Fun with Levenshtein Distance

Measure the similarity between two strings!

The Levenshtein Distance is a clever way to calculate how similar two strings are to each other. Every character that differs between two words will count against the two words’ ‘score’. The lower that ‘score’ the more similar the two words are to each other. So comparing a word to itself will yield a ‘score’ of 0, while two four letter words that have no common characters will yield a ‘score’ of 4.

An easy way to visualize Levenshtein Distance is to build a matrix comparing the two words.

Example comparing 'Mesh' and 'Tests'
First word ‘Mesh’. Second word ‘Tests’. The ‘Distance’ between the words is 3.

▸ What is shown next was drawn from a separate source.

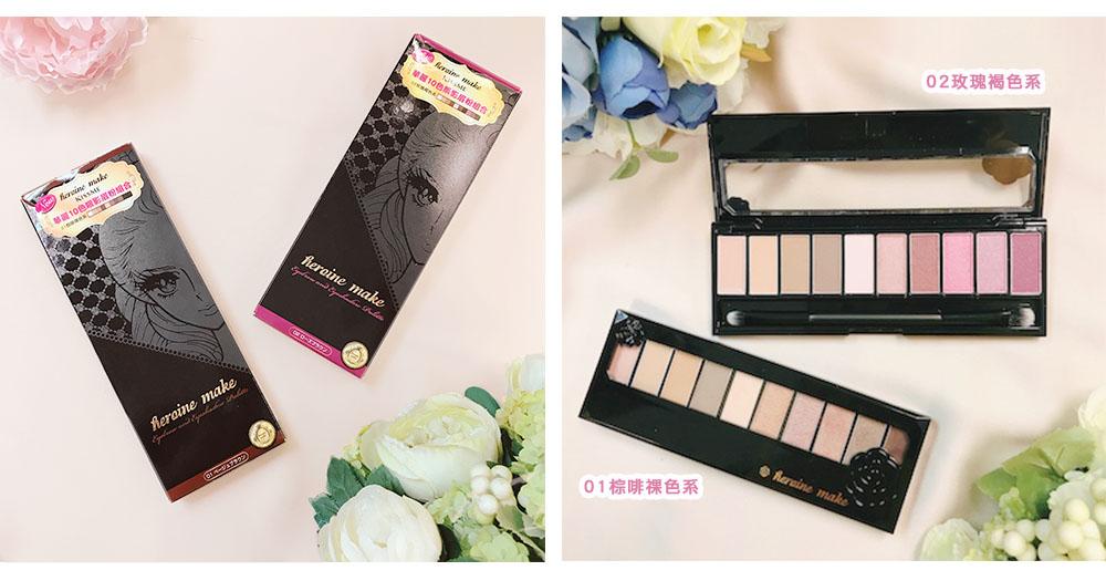 今年大熱的「粉紅桃花妝」其實難度很高的喔!因為一不小心就會化成眼睛被打腫一樣似的!所以眼影的選擇是關鍵所在喔!像是Heroine Make的華麗10色眼影眉粉組合 的02玫瑰褐色系眼影就剛剛好,不會太紫也不會太紅!
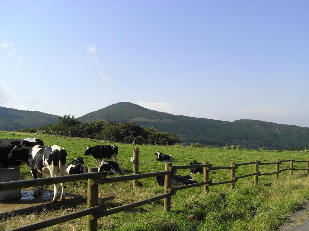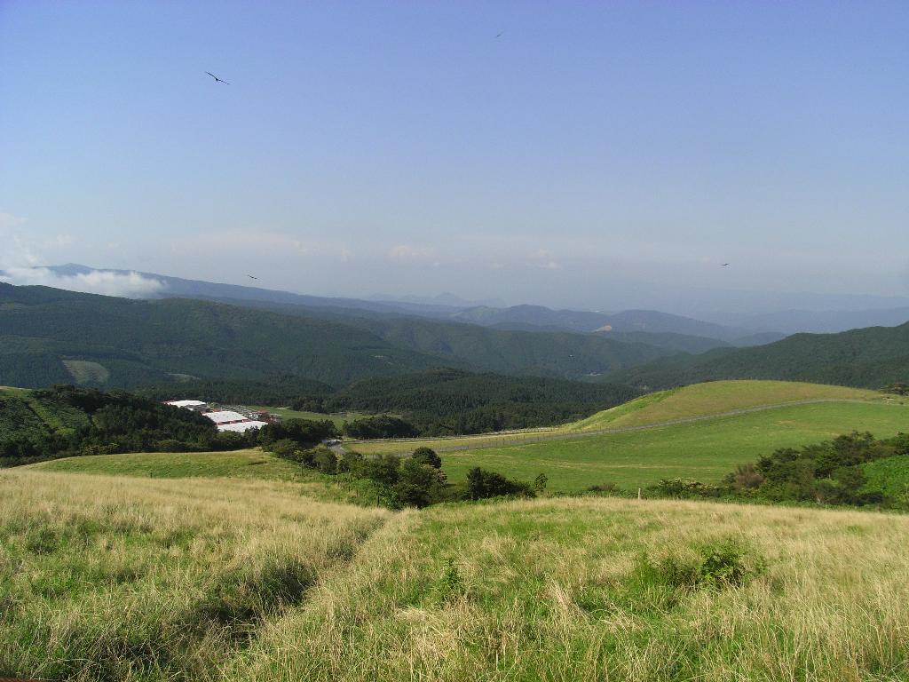 緩斜面に広大な牧草地が広がる。

You compare the letters at each index and add 1 to its ‘score’ each time the characters don’t match. Anytime one of the words is longer than the other, another point is added (for example Mesh vs. Testing would have a score of 5 instead of 3).

In Javascript:

const word1 = 'mesh'
const word2 = 'tests'

function levenshteinDistance (firstWord, secondWord) {
	const firstArray = firstWord.split('')
	const secondArray = secondWord.split('')
	let score = 0

	const firstLength = firstArray.length
	const secondLength = secondArray.length

	if (firstLength >= secondLength) {
		score += (firstLength - secondLength)
	} else {
		score += (secondLength - firstLength)
	}

	const shorterWord = (firstLength >= secondLength) ? secondLength : firstLength

	for (let i = 0; i < shorterWord; i++) {
		let firstChar
		let secondChar
		if (firstLength >= secondLength) {
			firstChar = firstArray[i]
			secondChar = secondArray[i]
		} else {
			firstChar = secondArray[i]
			secondChar = firstArray[i]
		}
		if (firstChar != secondChar) {
			score++
		}
	}
	console.log('Levenshtein Distance: ', score)
}

levenshteinDistance(word1, word2)

So now you’re asking, “When would I use this?”. First, there’s almost certainly some sort of derivative of a Levenshtein counter in every autocorrect tool ever made. Aside from that, use your imagination to think of ways it could be used in trivia games, text adventures, language/speech recognition, and even AI. Being able to account for human error in typing and speaking can create a much more fluid and immersive UX.

The function above can get far more complex depending on how ‘smart’ you want you system to be. You can start comparing adjacent characters, syllables, parts of speech, and working point values into each of them depending on what your system values. Go wild with Levenshtein 🚀🙌